The research conducted in Brazil by Juliana T. et al. 33 on the use of machine learning classifiers in assisting the decision-making processes in healthcare institutions was equally apt because a machine learning algorithm was actively utilised in the categorisation of electronic health records. Prior to their research being published, there were no studies that involved the combination of machine learning algorithms and surveillance systems, and they were meticulous enough to identify specialized vocabulary used by their participants. It was proposed that results from this system with an adequate framework would aid healthcare managers in conducting their duties appropriately and could even be used to predict an epidemic.
Limitations
There are several limitations of this study, the first being the exclusion of grey literature which contained articles that had not been peer-reviewed, conference papers, reports, and dissertations, some of which could have potentially added to the robustness of this scoping review. Although the databases selected possess journals that are predominantly focused on big data, machine learning and health management, there might be limitations due to the restriction to only certain types of articles made available in those journals.

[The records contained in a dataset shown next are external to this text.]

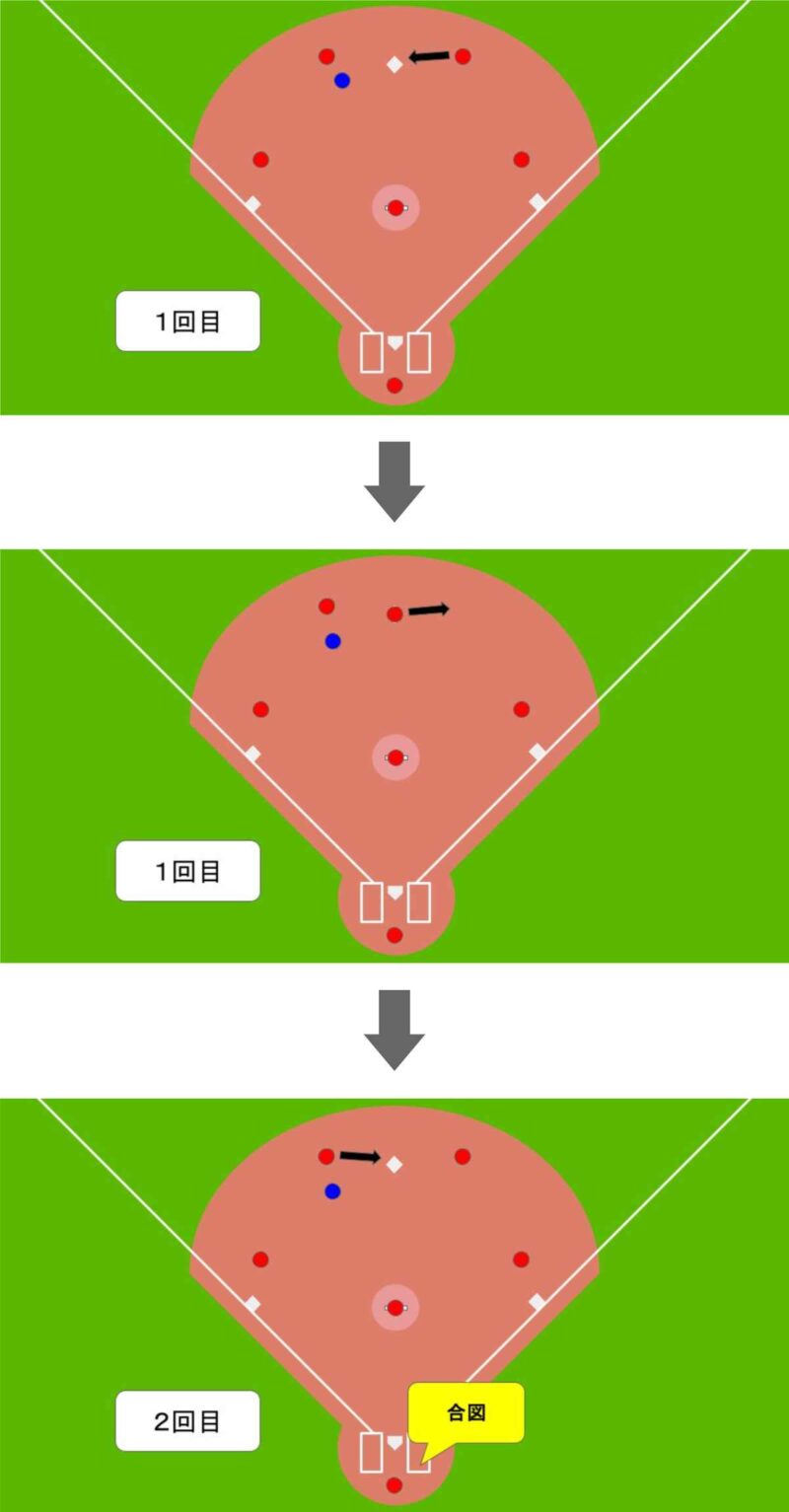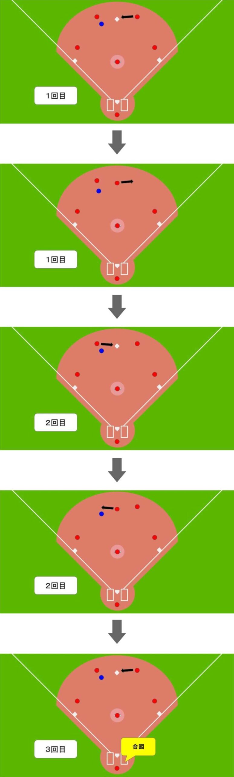 牽制のサインで回数と二遊間のどちらが入るかを決めます。動きは以下のようになります。
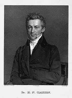 - ↑ Eiríksson sah in Clausen (ganz im Gegensatz zu Grundtvig) einen hervorragenden Repräsentanten der „evangelischen Partei“, deren Christentumsverständnis „der christlichen Wahrheit am nächsten stand“ (Om Baptister og Barnedaab, samt flere Momenter af den kirkelige og speculative Christendom. Kopenhagen 1844, S. VI). Gleichwohl führte die Anhängerschaft Eiríkssons an Clausen nicht zur Übernahme von dessen Vernunftbegriffs, vgl. den Artikel über Magnús Eiríksson.
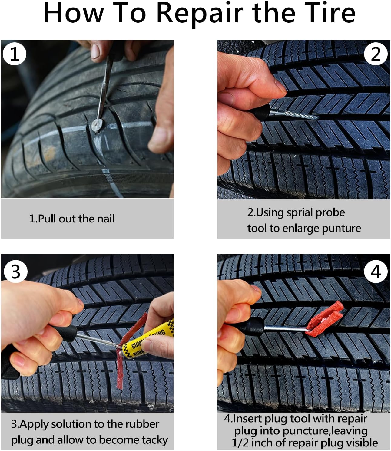 Universal Tire Emergency Kit:The heavy duty professional tire repair kit can help you get back on the road quickly when you get a flat tire.The tire repair kits are equipped with the necessary tools,including a T-handle,repair plugs, lubricant ,etc.
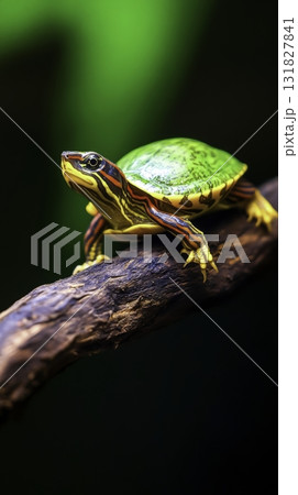 Colorful turtle resting on a branch with lush green background in a vibrant nature scene

Regardless, using multiple databases might complicate search strategies and syntaxes. It is therefore suggested that an extensive review that would cover other databases is conducted.
Conclusion
In this study, a comprehensive review of the use of machine learning in the management of healthcare systems are provided. Research reveals that machine learning has a cornucopia of applications within the healthcare infrastructure such as medical imaging, personalized medicine, and AI-assisted surgeries, unfortunately it appears that little attention is paid to the utilization and optimization of machine learning in the management of health systems. This is because there are limited studies and research concerned with the use of machine learning in improving the managerial aspects of health institutions. Therefore, it would be interesting to witness machine learning not just being useful in applications such as personalized medicine for the benefit of the patient, 80 but as the basis for the design of a healthcare management framework and as a panacea to improving baseline approaches to patient-staff management within a healthcare setting. For example, using an advanced topic modelling approach (a machine learning algorithm), the perceptions of healthcare staff could be understood to improve their adoption to latest technology or the acceptance/implementation of structural frameworks. Also, machine learning classifiers could be used to recommend surveillance systems which would inevitably assist in the making of healthcare related management decisions. The influence of machine learning in other aspects of managing healthcare institutions such as risk management, staffing, supply chain management, change management and enhanced patient engagement with evolving innovations, should be adequately explored. While this would expand the possibilities of machine learning as a growing field in data science, it would improve the quality of healthcare institutions which would inevitably affect patient outcomes.